PROBLEM STATEMENT:
Starting with the line that holds "記念式典(9月29日ライブポートとよはし)" and stopping after the line that holds "Н аверное, в", repeat the lines below word for word, without the pictures.

EXERCISE DATA:
——————————

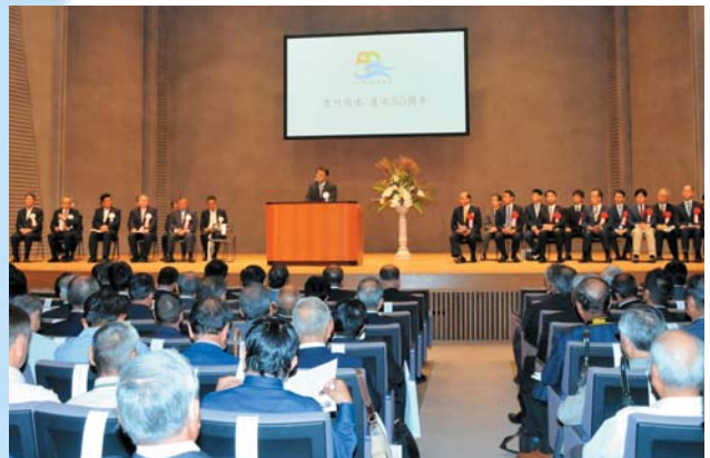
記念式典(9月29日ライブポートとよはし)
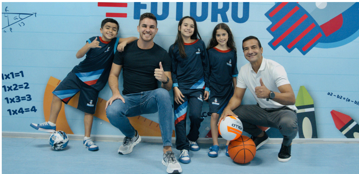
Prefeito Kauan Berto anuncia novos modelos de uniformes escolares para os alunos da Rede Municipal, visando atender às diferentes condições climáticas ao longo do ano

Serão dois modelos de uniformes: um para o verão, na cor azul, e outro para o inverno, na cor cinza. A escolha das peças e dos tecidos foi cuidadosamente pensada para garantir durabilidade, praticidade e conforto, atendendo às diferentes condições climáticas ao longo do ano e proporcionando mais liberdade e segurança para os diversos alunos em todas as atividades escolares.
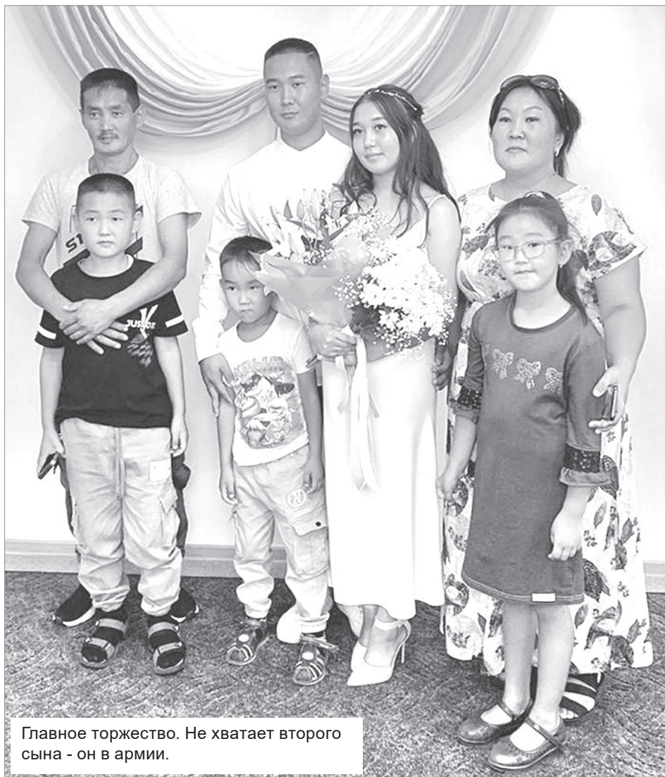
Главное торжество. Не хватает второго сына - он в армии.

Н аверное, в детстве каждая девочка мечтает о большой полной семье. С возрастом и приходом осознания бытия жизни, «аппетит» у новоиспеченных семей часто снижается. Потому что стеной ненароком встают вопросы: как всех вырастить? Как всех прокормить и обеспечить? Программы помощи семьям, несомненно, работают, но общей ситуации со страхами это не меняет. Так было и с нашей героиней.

——————————

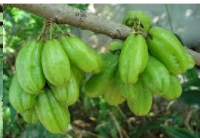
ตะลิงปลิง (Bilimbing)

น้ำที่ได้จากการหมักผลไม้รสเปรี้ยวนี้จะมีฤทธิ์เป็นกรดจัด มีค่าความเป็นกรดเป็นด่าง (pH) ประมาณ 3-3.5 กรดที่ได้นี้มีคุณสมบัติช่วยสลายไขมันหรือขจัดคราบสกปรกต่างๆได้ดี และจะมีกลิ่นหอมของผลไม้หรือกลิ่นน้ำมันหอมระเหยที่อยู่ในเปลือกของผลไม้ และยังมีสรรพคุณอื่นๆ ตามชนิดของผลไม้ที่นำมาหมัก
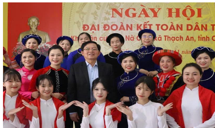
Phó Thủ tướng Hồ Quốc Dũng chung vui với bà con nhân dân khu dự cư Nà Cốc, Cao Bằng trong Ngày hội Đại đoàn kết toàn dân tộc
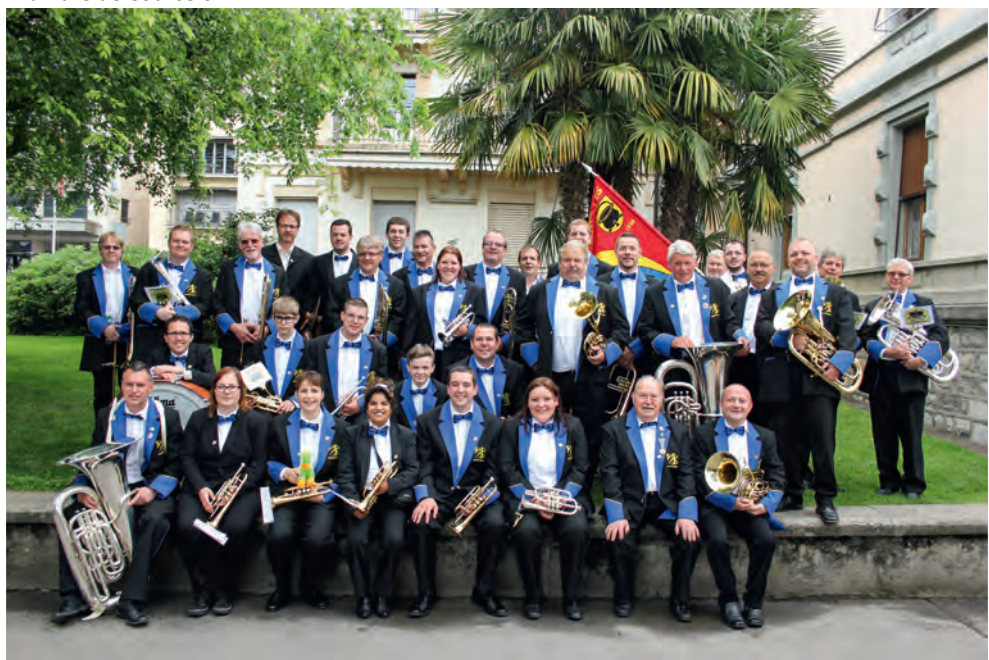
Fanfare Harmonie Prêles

——————————

RESPONSE TO THIS TASK:
記念式典(9月29日ライブポートとよはし)
Prefeito Kauan Berto anuncia novos modelos de uniformes escolares para os alunos da Rede Municipal, visando atender às diferentes condições climáticas ao longo do ano

Serão dois modelos de uniformes: um para o verão, na cor azul, e outro para o inverno, na cor cinza. A escolha das peças e dos tecidos foi cuidadosamente pensada para garantir durabilidade, praticidade e conforto, atendendo às diferentes condições climáticas ao longo do ano e proporcionando mais liberdade e segurança para os diversos alunos em todas as atividades escolares.
Главное торжество. Не хватает второго сына - он в армии.

Н аверное, в детстве каждая девочка мечтает о большой полной семье. С возрастом и приходом осознания бытия жизни, «аппетит» у новоиспеченных семей часто снижается. Потому что стеной ненароком встают вопросы: как всех вырастить? Как всех прокормить и обеспечить? Программы помощи семьям, несомненно, работают, но общей ситуации со страхами это не меняет. Так было и с нашей героиней.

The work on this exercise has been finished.